*** Opening of RECORD EXTRACTS ***

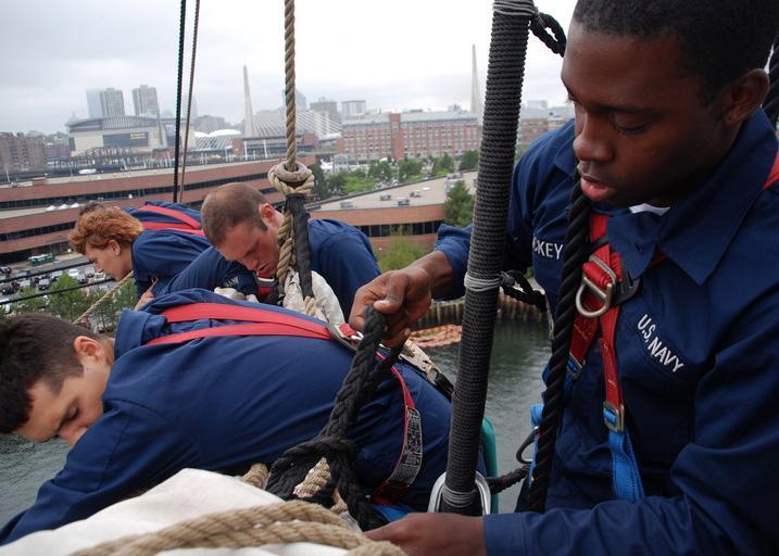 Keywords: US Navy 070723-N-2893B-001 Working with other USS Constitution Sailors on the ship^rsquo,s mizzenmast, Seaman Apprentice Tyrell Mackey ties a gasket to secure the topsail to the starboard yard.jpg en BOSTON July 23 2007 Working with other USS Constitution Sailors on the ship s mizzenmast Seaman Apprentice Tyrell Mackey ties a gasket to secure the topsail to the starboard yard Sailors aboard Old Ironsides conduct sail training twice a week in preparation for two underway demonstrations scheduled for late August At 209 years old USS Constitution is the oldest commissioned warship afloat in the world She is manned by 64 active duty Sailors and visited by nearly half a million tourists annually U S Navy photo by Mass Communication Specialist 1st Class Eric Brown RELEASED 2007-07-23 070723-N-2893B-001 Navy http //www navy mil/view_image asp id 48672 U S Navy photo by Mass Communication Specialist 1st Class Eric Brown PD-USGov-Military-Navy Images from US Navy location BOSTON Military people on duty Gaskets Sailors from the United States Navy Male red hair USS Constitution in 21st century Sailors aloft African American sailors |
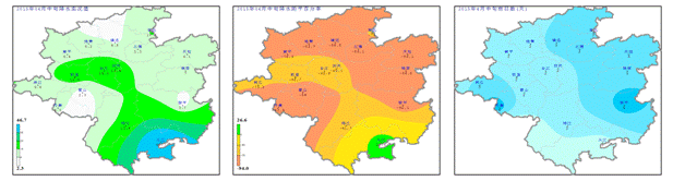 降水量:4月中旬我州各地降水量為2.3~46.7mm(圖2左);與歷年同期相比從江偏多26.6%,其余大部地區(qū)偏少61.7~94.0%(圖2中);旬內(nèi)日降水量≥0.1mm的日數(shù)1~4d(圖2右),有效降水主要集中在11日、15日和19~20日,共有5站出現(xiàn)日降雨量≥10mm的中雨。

*** Close of RECORD EXTRACTS ***
*** Opening of RECORD EXTRACTS ***

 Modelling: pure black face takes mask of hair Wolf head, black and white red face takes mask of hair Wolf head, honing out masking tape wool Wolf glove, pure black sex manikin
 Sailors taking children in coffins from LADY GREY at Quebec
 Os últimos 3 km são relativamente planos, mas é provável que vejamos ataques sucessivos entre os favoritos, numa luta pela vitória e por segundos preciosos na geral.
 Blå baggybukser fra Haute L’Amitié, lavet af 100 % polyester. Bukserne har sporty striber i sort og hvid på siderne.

*** Close of RECORD EXTRACTS ***

PROBLEM DESCRIPTION - Skip every picture, and restate word for word only the lines above from the line containing "Keywords: US Navy" to the line containing "降水量:4月中旬我州各地降水", both of them included.

ANSWER SECTION -
 Keywords: US Navy 070723-N-2893B-001 Working with other USS Constitution Sailors on the ship^rsquo,s mizzenmast, Seaman Apprentice Tyrell Mackey ties a gasket to secure the topsail to the starboard yard.jpg en BOSTON July 23 2007 Working with other USS Constitution Sailors on the ship s mizzenmast Seaman Apprentice Tyrell Mackey ties a gasket to secure the topsail to the starboard yard Sailors aboard Old Ironsides conduct sail training twice a week in preparation for two underway demonstrations scheduled for late August At 209 years old USS Constitution is the oldest commissioned warship afloat in the world She is manned by 64 active duty Sailors and visited by nearly half a million tourists annually U S Navy photo by Mass Communication Specialist 1st Class Eric Brown RELEASED 2007-07-23 070723-N-2893B-001 Navy http //www navy mil/view_image asp id 48672 U S Navy photo by Mass Communication Specialist 1st Class Eric Brown PD-USGov-Military-Navy Images from US Navy location BOSTON Military people on duty Gaskets Sailors from the United States Navy Male red hair USS Constitution in 21st century Sailors aloft African American sailors |
 降水量:4月中旬我州各地降水量為2.3~46.7mm(圖2左);與歷年同期相比從江偏多26.6%,其余大部地區(qū)偏少61.7~94.0%(圖2中);旬內(nèi)日降水量≥0.1mm的日數(shù)1~4d(圖2右),有效降水主要集中在11日、15日和19~20日,共有5站出現(xiàn)日降雨量≥10mm的中雨。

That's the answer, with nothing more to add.